> [Assigned task] Among the entries below, please repeat exactly and only the lines from the line containing "DUPIN — Relation |" to the line containing "11月30日,船舶行驶在红叶掩映下的长江三峡重庆市巫山县水域。新华社记者 肖艺九 摄", both lines included.

> [Dataset extract]
----------

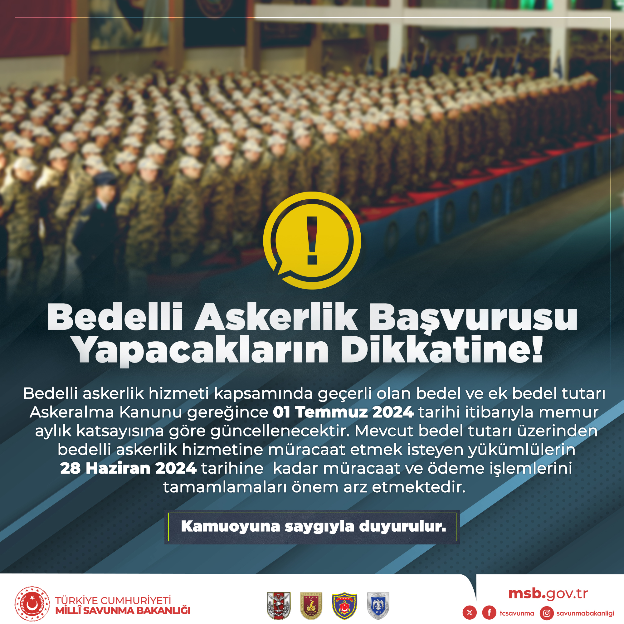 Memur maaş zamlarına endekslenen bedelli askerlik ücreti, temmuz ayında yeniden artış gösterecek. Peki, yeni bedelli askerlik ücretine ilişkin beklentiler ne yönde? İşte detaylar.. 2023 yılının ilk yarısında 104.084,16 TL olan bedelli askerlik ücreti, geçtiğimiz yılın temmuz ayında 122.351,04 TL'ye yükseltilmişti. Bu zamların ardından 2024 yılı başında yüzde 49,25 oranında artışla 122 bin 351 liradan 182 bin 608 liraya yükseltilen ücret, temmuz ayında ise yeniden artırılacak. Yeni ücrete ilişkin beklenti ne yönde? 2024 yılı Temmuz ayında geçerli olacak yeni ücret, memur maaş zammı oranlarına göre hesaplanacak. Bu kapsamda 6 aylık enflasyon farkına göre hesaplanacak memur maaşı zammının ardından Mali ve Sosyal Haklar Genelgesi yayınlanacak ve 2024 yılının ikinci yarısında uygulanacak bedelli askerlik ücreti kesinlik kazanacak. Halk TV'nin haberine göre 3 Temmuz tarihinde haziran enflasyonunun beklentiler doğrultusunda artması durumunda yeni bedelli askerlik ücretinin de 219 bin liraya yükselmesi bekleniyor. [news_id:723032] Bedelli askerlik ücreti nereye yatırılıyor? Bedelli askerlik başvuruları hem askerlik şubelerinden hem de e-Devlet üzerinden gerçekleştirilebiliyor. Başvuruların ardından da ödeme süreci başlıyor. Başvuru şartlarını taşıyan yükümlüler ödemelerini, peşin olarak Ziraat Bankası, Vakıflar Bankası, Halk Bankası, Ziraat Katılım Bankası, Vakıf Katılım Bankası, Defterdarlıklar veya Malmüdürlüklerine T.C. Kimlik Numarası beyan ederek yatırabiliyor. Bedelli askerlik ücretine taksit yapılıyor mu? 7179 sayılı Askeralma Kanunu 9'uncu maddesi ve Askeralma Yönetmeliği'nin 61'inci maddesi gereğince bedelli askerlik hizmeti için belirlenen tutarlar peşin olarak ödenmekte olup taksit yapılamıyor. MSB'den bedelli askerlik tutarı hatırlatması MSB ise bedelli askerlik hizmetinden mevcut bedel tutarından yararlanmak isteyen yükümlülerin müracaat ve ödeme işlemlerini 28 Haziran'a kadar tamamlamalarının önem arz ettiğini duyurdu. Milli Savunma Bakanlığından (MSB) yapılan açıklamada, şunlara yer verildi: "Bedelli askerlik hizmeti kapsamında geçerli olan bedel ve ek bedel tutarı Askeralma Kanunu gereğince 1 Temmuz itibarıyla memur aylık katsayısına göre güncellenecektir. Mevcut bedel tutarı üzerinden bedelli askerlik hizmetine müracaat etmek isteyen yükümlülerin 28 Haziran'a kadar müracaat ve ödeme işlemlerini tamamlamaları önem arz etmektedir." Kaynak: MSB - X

----------

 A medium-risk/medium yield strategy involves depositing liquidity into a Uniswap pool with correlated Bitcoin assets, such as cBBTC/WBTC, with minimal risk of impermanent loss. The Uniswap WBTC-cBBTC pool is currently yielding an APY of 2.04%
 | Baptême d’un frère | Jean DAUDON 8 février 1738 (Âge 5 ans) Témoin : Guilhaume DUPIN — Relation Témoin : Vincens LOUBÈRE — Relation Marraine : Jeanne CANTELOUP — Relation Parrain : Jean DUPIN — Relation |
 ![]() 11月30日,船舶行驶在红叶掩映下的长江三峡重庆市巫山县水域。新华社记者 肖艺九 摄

----------

> [Result]
 | Baptême d’un frère | Jean DAUDON 8 février 1738 (Âge 5 ans) Témoin : Guilhaume DUPIN — Relation Témoin : Vincens LOUBÈRE — Relation Marraine : Jeanne CANTELOUP — Relation Parrain : Jean DUPIN — Relation |
 ![]() 11月30日,船舶行驶在红叶掩映下的长江三峡重庆市巫山县水域。新华社记者 肖艺九 摄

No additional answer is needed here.